Exxon could be another oil company paying Guyana for saving forests


With Hess Corporation, one of the co-venturers in the prolific Stabroek Block offshore Guyana, now paying Guyana at least US$750 million to preserve its forests over the next 10 years, it is possible for ExxonMobil Guyana to do the same.

President of ExxonMobil Guyana Alistair Routledge, on Friday, told reporters that buying carbon credits is a consideration for the company as it seeks to manage climate change concerns.

“ExxonMobil is looking at a lot of ways to manage climate change and this (trading carbon credits) is always going to be one of the considerations,” Routledge said at the sidelines of the Hess signing ceremony.

The oil and gas industry is deemed as a notorious emitter of carbon dioxide and other gases that harm the environment and result in the climate crisis, causing rising sea levels and other disasters.

Because of this, oil companies are looking for ways to balance or even cut back the harm done to the environment.

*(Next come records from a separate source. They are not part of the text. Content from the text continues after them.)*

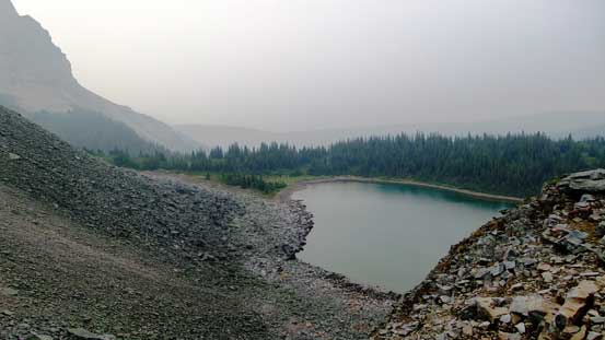 Down into the basin we had more boulders to overcome, but our real problem was not knowing where exactly that trail went. We weren’t planning on this loop traverse so I did not do any research of Fitzwilliam Basin other than knowing there’s a trail (apparently not in the best shape) somewhere. We ended up going too far skier’s left (West) but eventually I called the mistake and we took a shape turn to the right, traversed around a tarn and found cairns and paths which eventually led us to the main trail. This trail was in a rough shape with lots of indistinct sections on boulder fields or alongside creeks. Down into the wood the majority of the travelling was on boggy ground. Thankfully the mosquitoes were mostly dead at this time of a year otherwise it could be horrendous. I did not enjoy this trail at all, neither did Maury, but with good perseverance we made back to the campground, just before it’s too dark to see.
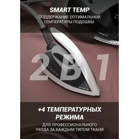2в1: режим Smart Temp — поддержание оптимальной температуры подошвы + 4 температурных режима для профессионального ухода за каждым типом ткани. Технология равномерного распределения тепла по подошве SMART HEAT.
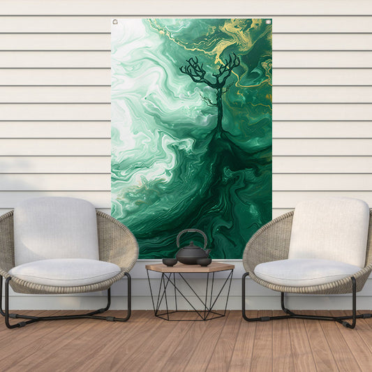Abstracte boom in groen landschap tuinposter
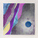A beautiful abstract landscape design with a blue moon and colorful textured rolling hills in shades of purple, violet, blue, cyan, and yellow.
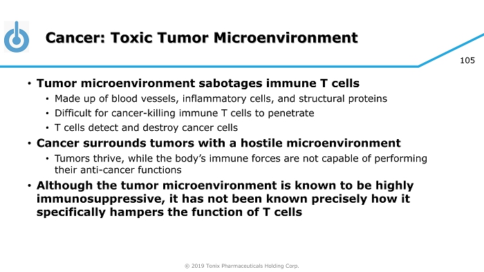 © 2019 Tonix Pharmaceuticals Holding Corp. 105 Cancer: Toxic Tumor Microenvironment • Tumor microenvironment sabotages immune T cells • Made up of blood vessels, inflammatory cells, and structural proteins • Difficult for cancer - killing immune T cells to penetrate • T cells detect and destroy cancer cells • Cancer surrounds tumors with a hostile microenvironment • Tumors thrive, while the body’s immune forces are not capable of performing their anti - cancer functions • Although the tumor microenvironment is known to be highly immunosuppressive, it has not been known precisely how it specifically hampers the function of T cells

ExxonMobil, in January, said that it was aiming to cease harmful gas emissions from its assets by 2050.

Initial steps to achieve net zero by 2050 are included in the company’s plans to invest more than $15 billion by 2027 on lower-emission initiatives. Policies further accelerating the development and deployment of lower-emission technologies could provide ExxonMobil with additional investment opportunities.

Rouotledge said he could not comment on future engagements with Guyana’s government as it relates to purchasing carbon credits.

He, however, noted: “We’re delighted to see the progress, this is exciting news for Guyana.”